::: Exercise materials :::

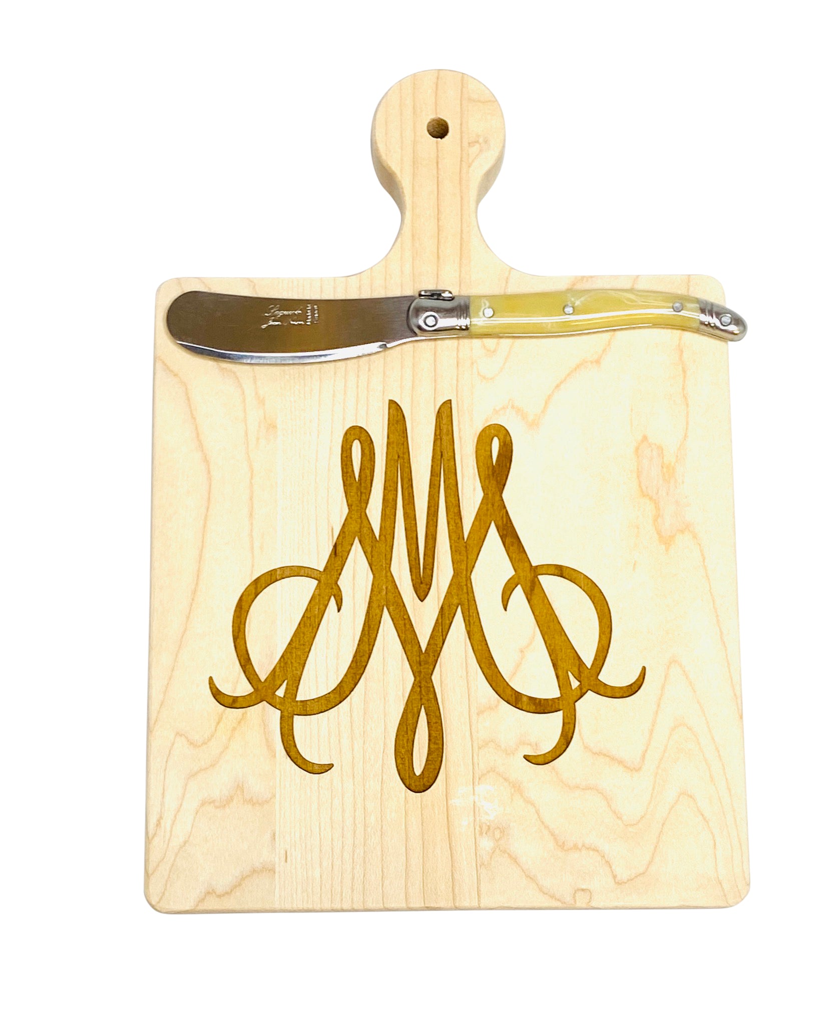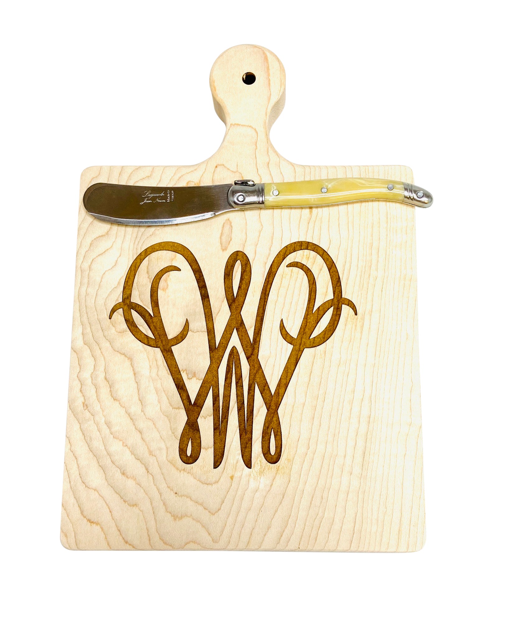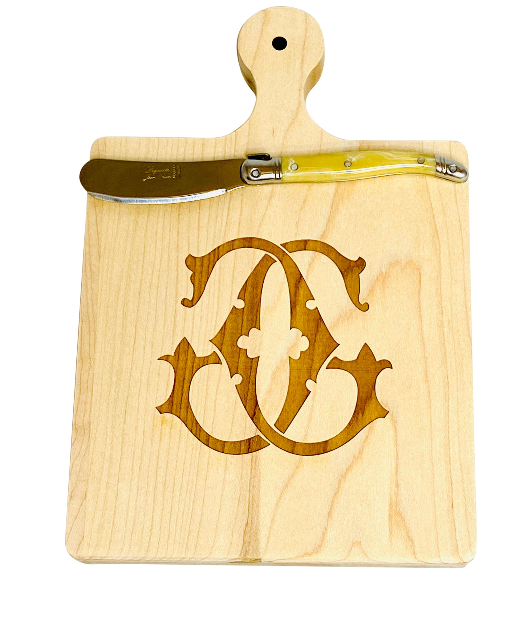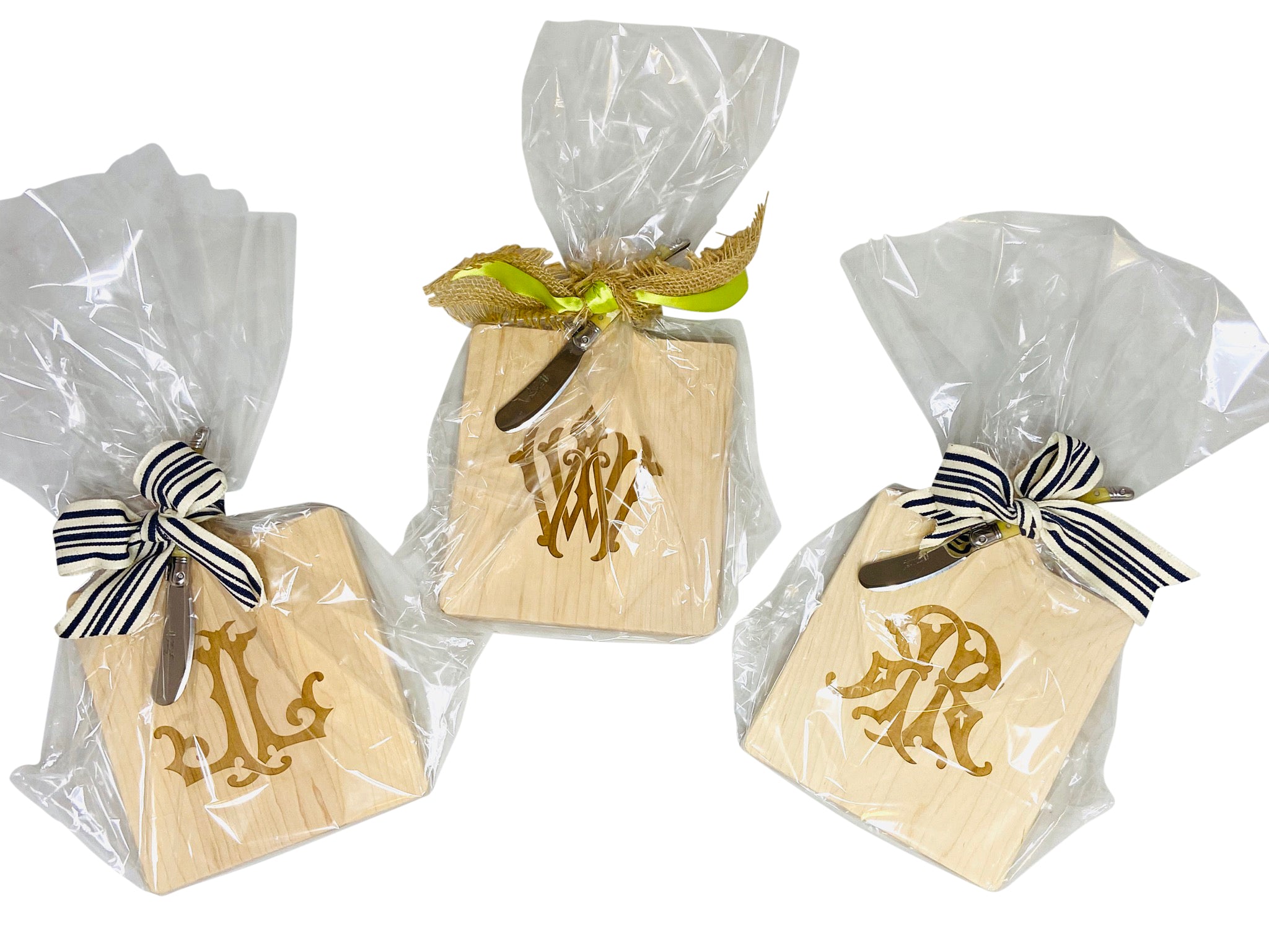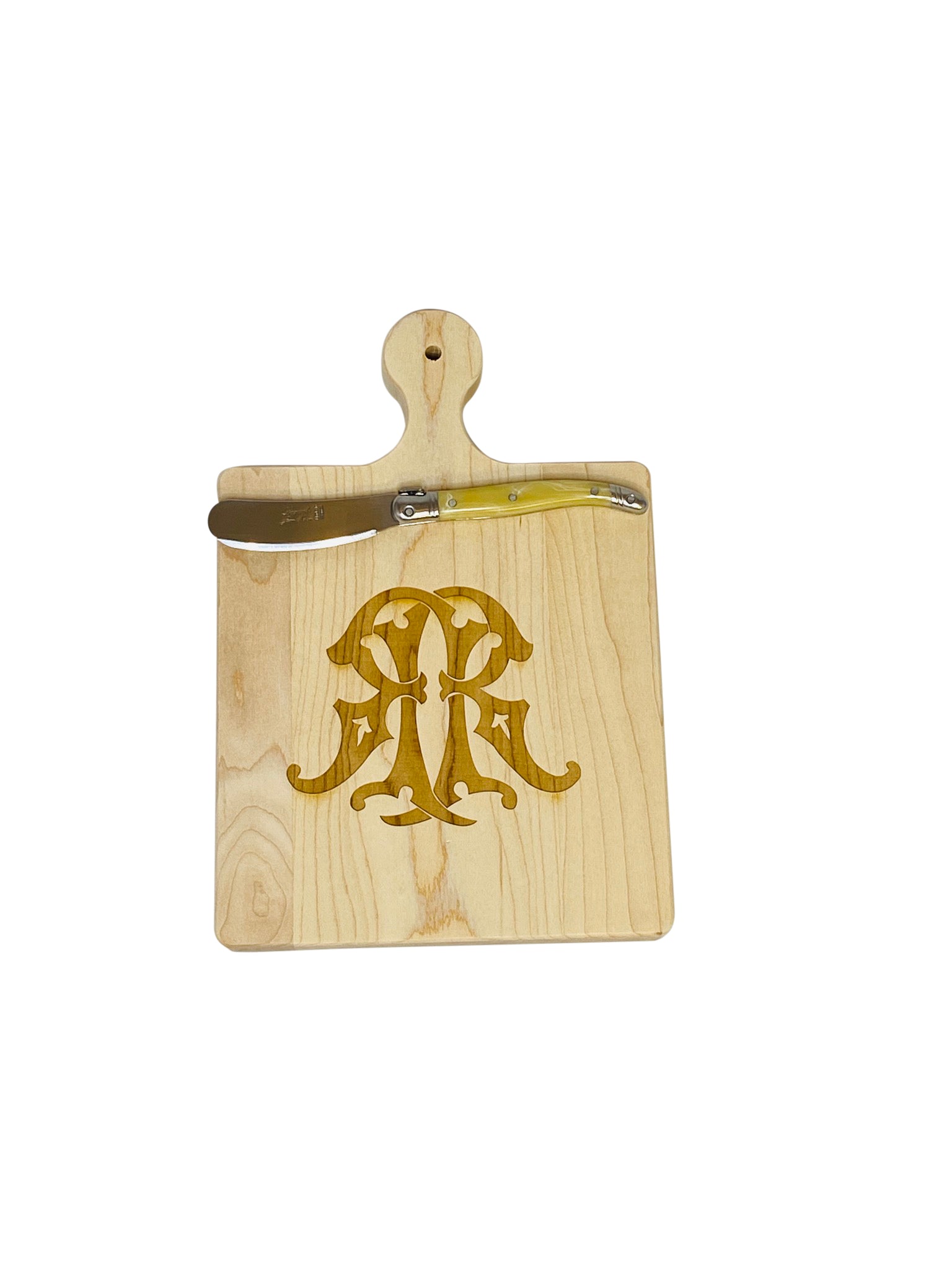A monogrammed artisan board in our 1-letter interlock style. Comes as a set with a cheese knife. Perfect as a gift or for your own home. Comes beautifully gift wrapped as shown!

:::
::: Exercise materials :::

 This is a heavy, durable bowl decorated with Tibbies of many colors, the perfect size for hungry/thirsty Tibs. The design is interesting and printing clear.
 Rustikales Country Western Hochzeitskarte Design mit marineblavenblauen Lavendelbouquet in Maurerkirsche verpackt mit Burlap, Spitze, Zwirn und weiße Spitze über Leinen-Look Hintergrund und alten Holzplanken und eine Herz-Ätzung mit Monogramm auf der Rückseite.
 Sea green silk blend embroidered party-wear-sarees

:::

** What to produce **
Beginning at the line above with "This is a heavy, durable" and finishing at the line with "Sea green silk", return each line exactly and return nothing else.

** Task solution **
 This is a heavy, durable bowl decorated with Tibbies of many colors, the perfect size for hungry/thirsty Tibs. The design is interesting and printing clear.
 Rustikales Country Western Hochzeitskarte Design mit marineblavenblauen Lavendelbouquet in Maurerkirsche verpackt mit Burlap, Spitze, Zwirn und weiße Spitze über Leinen-Look Hintergrund und alten Holzplanken und eine Herz-Ätzung mit Monogramm auf der Rückseite.
 Sea green silk blend embroidered party-wear-sarees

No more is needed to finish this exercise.